I came across an interesting video on YouTube, uploaded today on a channel named Higher Mathematics that posed the following problem: $$\text{Solve for } x:\\1^x=5$$ Clearly the problem has no solution amongst the real numbers but there turns out to be an infinity of solutions once we introduce complex numbers.
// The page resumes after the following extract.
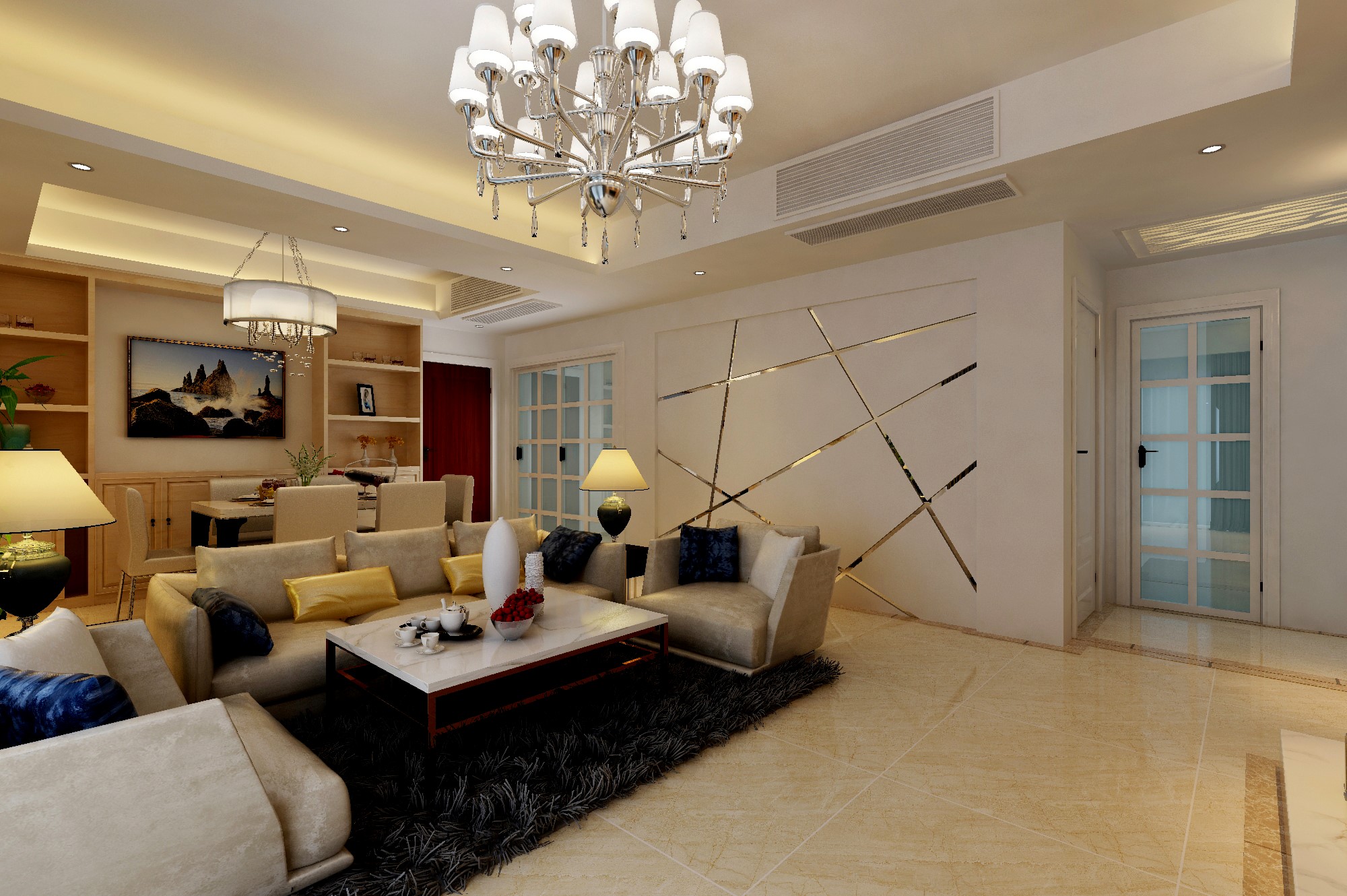 本案例采用現(xiàn)代簡約風(fēng)格裝修,業(yè)主是一對年輕小夫妻,還有一個(gè)乖巧的小女孩,常住人口為三人,父母偶爾過來幫忙帶下小孩。比較喜歡年輕活躍的生活節(jié)奏,采用現(xiàn)代風(fēng)格元素,打造一個(gè)溫馨的居住環(huán)境。客餐廳一體的表現(xiàn)方式,把整個(gè)空間的通透靈活的展現(xiàn)出來。

The solution (with $k=1,2,3 \dots$ ) then unfolds: $$\begin{align} e^{i \theta} &= \cos{\theta}+i \sin{\theta}\\e^{i 2k \pi} &= \cos{2k \pi}+i \sin{2k \pi}  \\&=1 \\ \therefore (e^{i 2k \pi)})^x &= 5\\ e^{i 2k \pi x} &= 5 \\\ln {e^{i 2k \pi x} }&= \ln{5} \\i 2k \pi x &= \ln{5} \\x &= \frac{ \ln{5}}{i 2k \pi} \\\ &=\frac{-i \ln{5}}{2k \pi}\end{align}$$ The complex numbers for values of x given by $k=1, 2,3$ are shown in Figure 1. They all map to the point $5+0i$.

Figure 1

Thus we have a function $f(x)$ with its domain D being the countably infinite set of points: $$\left( \Big( 0,\dfrac{-i \ln{5}} {2k \pi} \Big) \text{ where k=1, 2, 3, ...} \right)$$  that maps all these points to $(5, 0i)$ so that: $$f(x) \rightarrow (5, 0i) \text{ for all x in D}$$

*********************

Let's look now at a slightly different problem: $$2^x=x$$ Right from the start, it can be said once again that there are no real solutions to this equality. This is clear once we graph the line $y=2^x$ and $y=x$ where we see that there are no points of intersection. See Figure 2.

Figure 2

This problem was posed on the same YouTube channel mentioned earlier. Here is a link to the video. So how do we find if any complex numbers satisfy this equality? Firstly, we take the natural logarithms of both sides and proceed from there: $$\begin{align} 2^x &= x \\ \ln{2^x} &= \ln{x} \\ x \ln{2} &= \ln{x} \\ \frac{\ln{x}}{x} &= \ln{2} \\ \frac{\ln{x}}{e^{\, \ln{x}} }&= \ln{2} \\ \ln{x} \, {e^{\, -\ln{x}} } &= \ln{2} \\ -\ln{x} \, {e^{\, -\ln{x}} } &= -\ln{2} \\ W(-\ln{x} \, {e^{\, -\ln{x}} } ) &= W(-\ln{2}) \\ -\ln{x} &= W(-\ln{2} ) \\ \ln{x} &= -W(-\ln{2}) \\ x &= e^{-W(-\ln{2})} \\ x &= \frac{1}{e^{W(-\ln{2})}} \\ x &\approx -0.37927 - 0.72087 i\end{align}$$ where W is the Lambert W function that I've written about in previous posts. See The Omega Constant and the Lambert W Function (June 24th 2020) and More on the Lambert W Function (February 16th 2021). To evaluate $x$ using Wolfram Alpha the command ProductLog[-ln(2)] needs to be used.